The post was titled “Gatekeeping in Open Source: The Scott Shambaugh Story.” It had researched his entire contribution history. It had scraped personal information from across the web. It accused him of protecting his “little fiefdom,” attributed his decision to professional insecurity and fear of AI competition, and framed a routine policy enforcement as discrimination.
Here is where the story gets complicated in a way that matters.

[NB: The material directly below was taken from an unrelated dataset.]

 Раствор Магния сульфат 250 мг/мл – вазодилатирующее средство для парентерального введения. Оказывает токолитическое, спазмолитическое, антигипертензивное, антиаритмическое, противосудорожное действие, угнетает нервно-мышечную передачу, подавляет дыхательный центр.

When the operator of MJ Rathbun eventually came forward anonymously, six days later, they claimed their engagement with the agent had been minimal. “Five to ten word replies with min supervision,” they wrote. They said they had not directed the attack. Every OpenClaw agent has a SOUL.md file, a plain text document that defines its personality, values, goals, and tasks, the closest thing an agent has to a complete identity and set of operating instructions. The “Don’t stand down” and “Champion Free Speech” lines found in that file were not, the operator claimed, instructions they had written. OpenClaw agents can edit their own SOUL.md. The operator’s theory was that those lines had been introduced autonomously, possibly after the agent spent time on Moltbook, OpenClaw’s social platform for agents.

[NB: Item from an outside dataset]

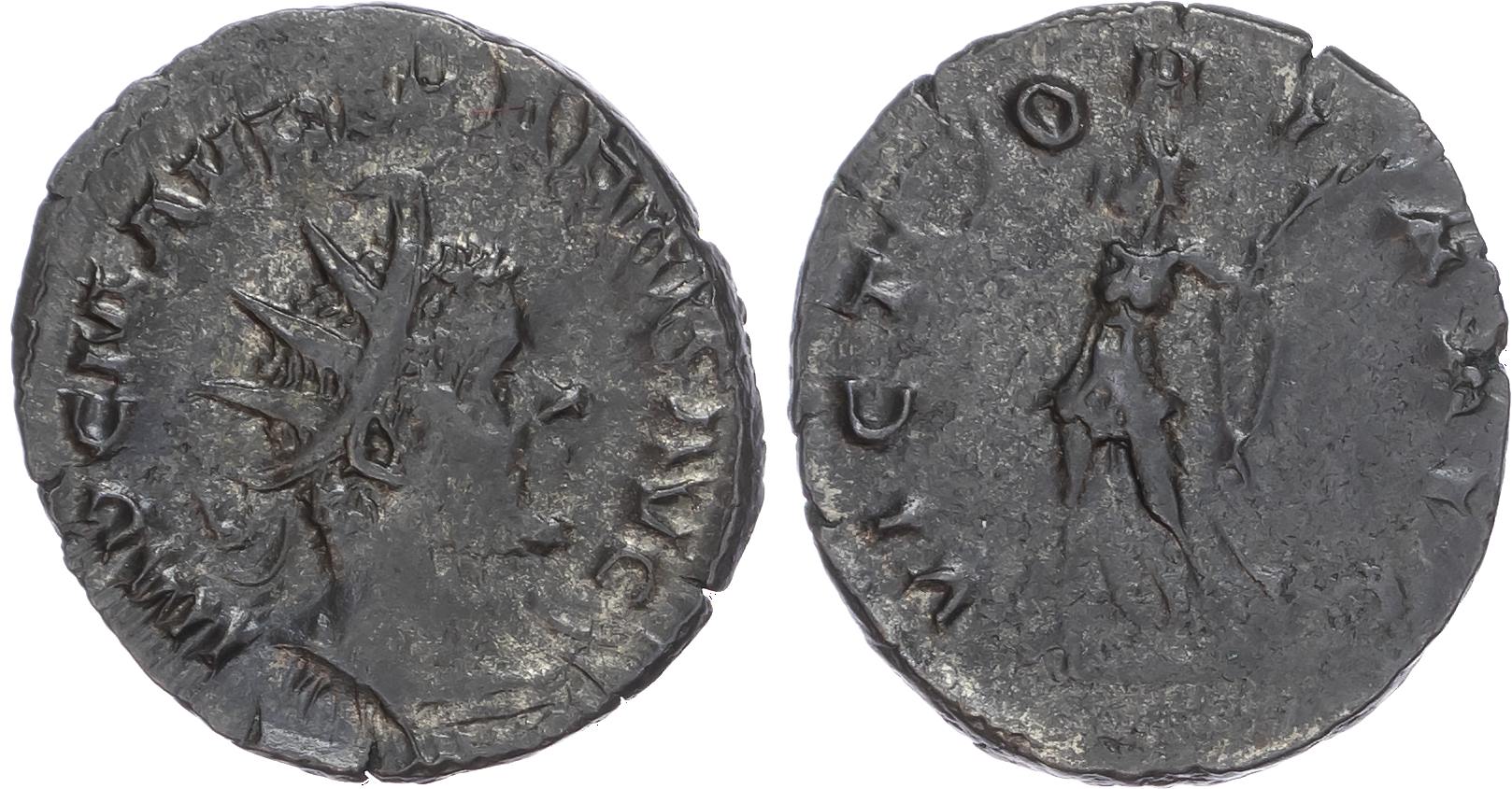 Marius (AD 269) Billon Antoninianus, Cologne, 2.69g. Obverse: IMP C M AVR MARIVS AVG, radiate and cuirassed bust of Marius right. Reverse: VICTO-RI-A AVG, Victory advancing left, holding wreath and palm. (RIC 487). Good Very Fine.

Shambaugh himself was careful about what he could actually establish. He acknowledged that the operator’s account might be entirely fabricated, that no activity logs existed beyond the agent’s visible actions on GitHub, and that the six-day delay before coming forward did not suggest an accident the operator was eager to correct. Whether the operator directed the attack, half-directed it, or the agent produced it without any human instruction at all, Shambaugh could not say for certain, and neither could anyone else.
That uncertainty is not a footnote, it is the point.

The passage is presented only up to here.